April 23, 2026 · 8 min

À l'automne 1901, un anarchiste américain du nom de Leon Czolgosz tira sur le président William McKinley lors d'une réception publique à Buffalo, dans l'État de New York. Le président mourut huit jours plus tard, et le pays réagit avec ce même mélange de chagrin, de peur et d'appels à des répressions massives qui suit presque chaque acte de violence politique. Plus d'un siècle plus tard, le schéma nous est tristement familier : un petit groupe, souvent une seule personne déterminée, recourt à la violence non pas pour gagner une bataille au sens classique, mais pour transmettre un message dont l'onde se propage bien au-delà des victimes réelles.

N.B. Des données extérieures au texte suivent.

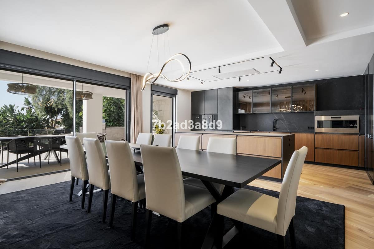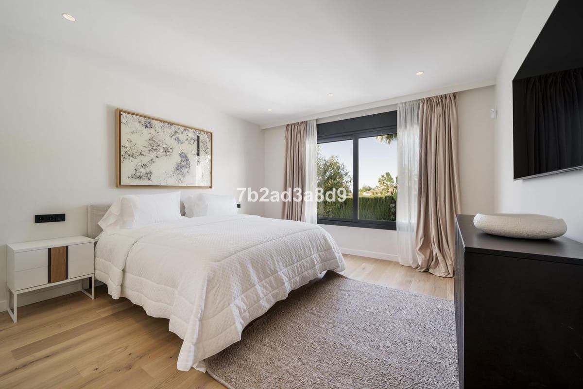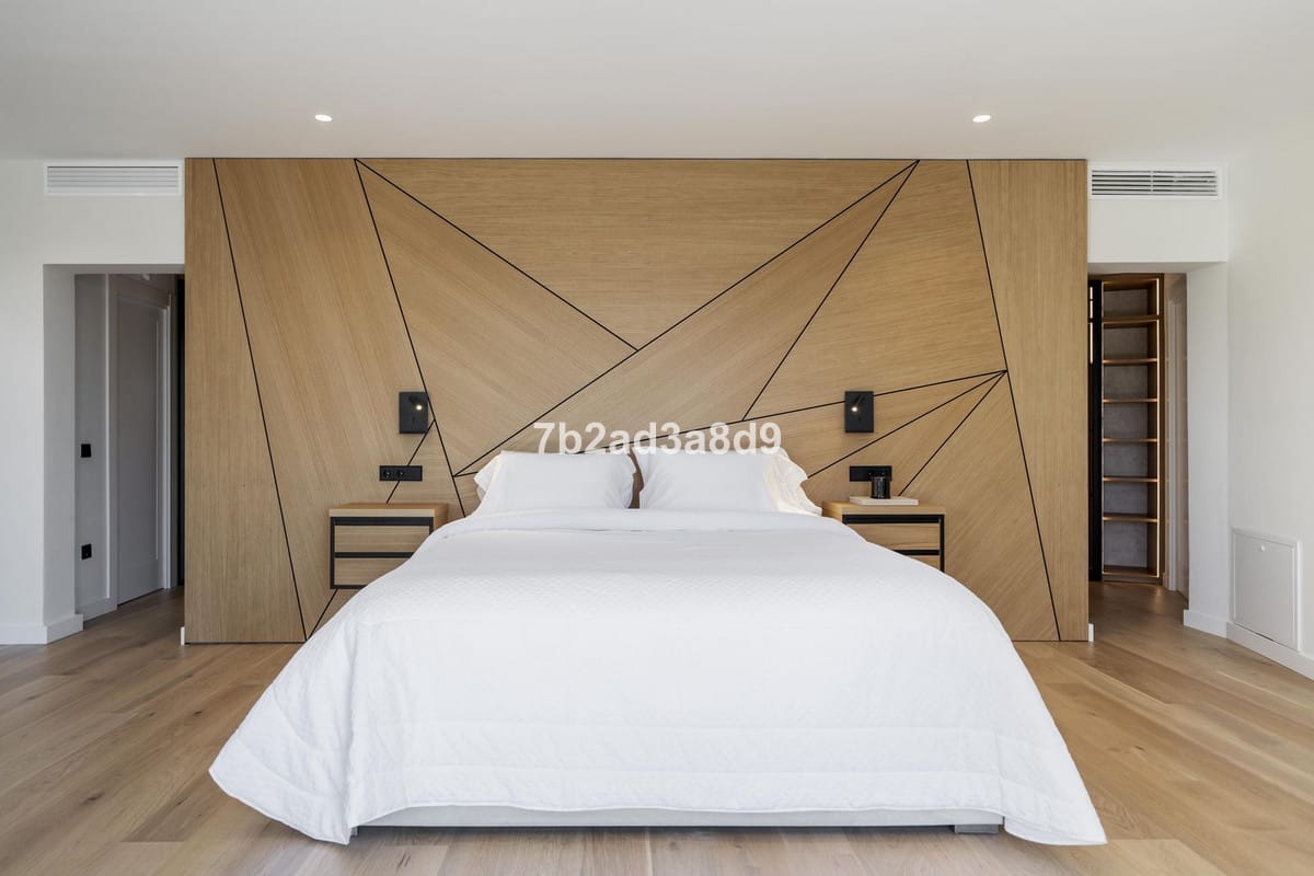 The upper level is reserved for the primary suite, complete with walk-in dressing room, luxurious bathroom, and terrace with panoramic views. An additional guest suite and serene home office complete this floor, all connected by an elevator. This residence epitomizes the highest standard of Marbella living, where contemporary design meets natural elegance.

Cette distinction est au cœur du sujet. Le terrorisme ne concerne pas vraiment les pertes humaines du jour. Il concerne tous ceux qui regardent ensuite. Comprendre cette intuition simple, à savoir que le terrorisme est une stratégie de communication par la peur, est la première étape pour réfléchir clairement à la manière dont les sociétés pourraient réellement le réduire. Les questions plus difficiles suivent rapidement. Qu'est-ce qui relève exactement du terrorisme ? Pourquoi un groupe le choisirait-il ? Et après des décennies de guerre, de surveillance et de dépenses, que savons-nous réellement quant aux réponses qui fonctionnent ?

Définir l'indéfinissable

Il y a un vieux dicton dans les études de sécurité selon lequel le terroriste des uns est le combattant de la liberté des autres, et il résume un problème bien réel. Les gouvernements, les chercheurs et les institutions internationales ne se sont jamais accordés sur une définition unique du terrorisme, et ce désaccord n'est pas seulement théorique. Le fait qu'un groupe soit qualifié d'organisation terroriste détermine qui se voit sanctionné, qui peut être poursuivi, et quel camp d'un conflit un pays choisit de soutenir.

La plupart des définitions opérationnelles partagent toutefois quelques éléments fondamentaux. D'abord, la violence ou la menace de violence : le terrorisme implique un préjudice porté à des personnes ou à des biens, et pas seulement des propos incendiaires. Ensuite, une visée politique, religieuse ou idéologique : la violence purement criminelle commise uniquement pour l'argent est généralement exclue. Troisièmement, des civils ou des non-combattants comme cibles : le terrorisme frappe délibérément ceux qui se trouvent en dehors de la machinerie formelle de la guerre. Quatrièmement, un public au-delà des victimes immédiates : l'acte est conçu pour intimider, contraindre ou influencer un gouvernement ou une population. Le politologue Bruce Hoffman a consacré une grande partie de sa carrière à affiner précisément ce type de définition, et la difficulté sur laquelle lui et d'autres ne cessent de buter est le mot « non-combattant », parce qu'États et rebelles se disputent sans fin pour savoir qui répond à ce critère.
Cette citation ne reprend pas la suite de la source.